Work task.
The copy should hold exactly the lines below from the one that contains "Vrtoglavica (Cvjetni trg)" through the one that contains "దవాఖాన పక్కనే ఉన్న" and nothing else, so no pictures.

•••••

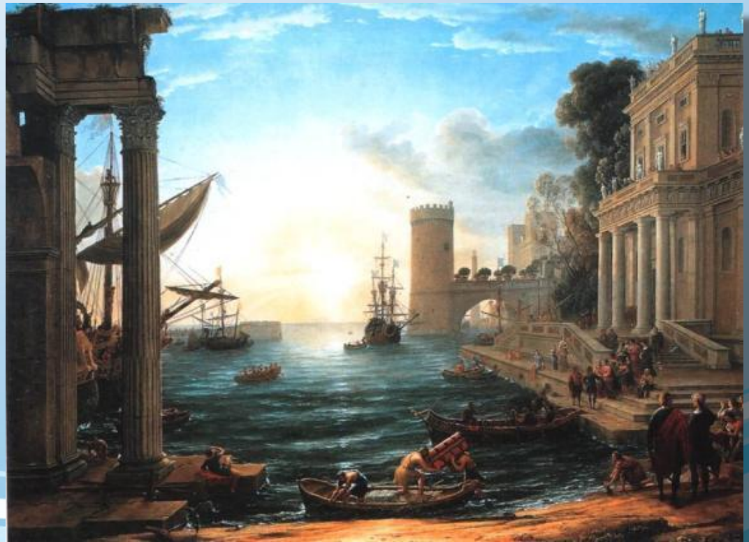
Клод Лоррен «Отплытие царицы Савской»

В живописи главное значение приобрели логическое развертывание сюжета, ясная уравновешенная композиция, четкая передача объема, с помощью светотени подчиненная роль цвета, использование локальных цветов .
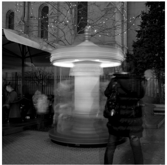
Vrtoglavica (Cvjetni trg)
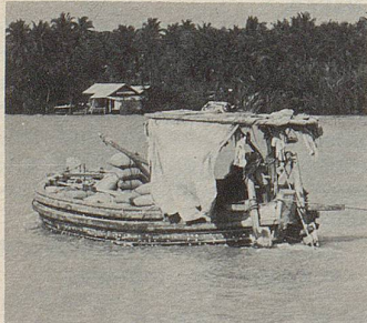
Transport von Heilpflanzen auf dem Menam (Thailand).

In Zellers pflanzlichen Arzneien stecken Kräfte der Natur. In wert-erhaltendem Verfahren und in immer
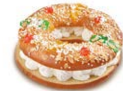
68241 Roscón Nata Listo
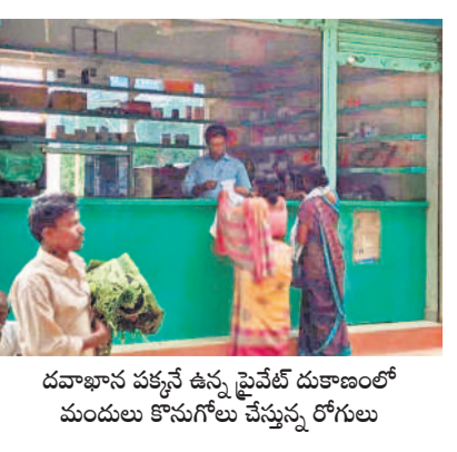
దవాఖాన పక్కనే ఉన్న ప్రైవేట్ దుకాణంలో మందులు కొనుగోలు చేస్తున్న రోగులు

గద్దాలలో, జూలై 15 : గద్దాల జిల్లా దవాఖానలో ప్రతిరోజూ 600కు పైగా టెట్ పేషెంట్లు వస్తుంటారు. అలాగే దవాఖానలో దాదాపు 280మంది వరకు రోగులు చికిత్స పొందుతున్నారు. తమ జబ్బులు నయం చేసుకునేందుకు వచ్చే రోగులకు సిబ్బంది చిరునవ్వులతో పాటు సరైన మందులు లేకపోవడం తీవ్ర ఇబ్బందులకు గురి చేస్తున్నాయి. ప్రైవేట్ వైద్యశాలలో చూపించుకోలేక, సర్కారు దవాఖానలో సరైన మందులు దొరక్కా వానా అవ్వవు పడతా వస్తుంది. మంచి మందులు కావాలంటే బయటటి రాసిస్తాం తెచ్చుకోవడం వైద్య సిబ్బంది చెబుతున్నారని రోగులు వాపోతున్నారు. ఆ డబ్బులే ఉంటే గవర్నమెంట్ కు దవాఖానకు ఎందుకొస్తామన్న ప్రశ్నలు వినిపిస్తున్నాయి. ప్రభుత్వం మారితే మంచి వైద్యం లభిస్తుందనుకుంటే కొండనాలకు మందు వేస్తే ఉన్న నాలిక ఊడినట్లంది అని రోగులు ఆవేదన వ్యక్తం చేస్తున్నారు. కాగా సీజనల్ వ్యాధులైన డబ్బెరియా, ఇతర అంటు రోగాలకు సంబంధించిన మందుల కొరత వినిపిస్తున్నారని, అన్ని మందులు అందుబాటులో ఉన్నాయని వైద్యాధికారులు చెబుతున్నారు.

•••••

Response area.
Vrtoglavica (Cvjetni trg)
Transport von Heilpflanzen auf dem Menam (Thailand).

In Zellers pflanzlichen Arzneien stecken Kräfte der Natur. In wert-erhaltendem Verfahren und in immer
68241 Roscón Nata Listo
దవాఖాన పక్కనే ఉన్న ప్రైవేట్ దుకాణంలో మందులు కొనుగోలు చేస్తున్న రోగులు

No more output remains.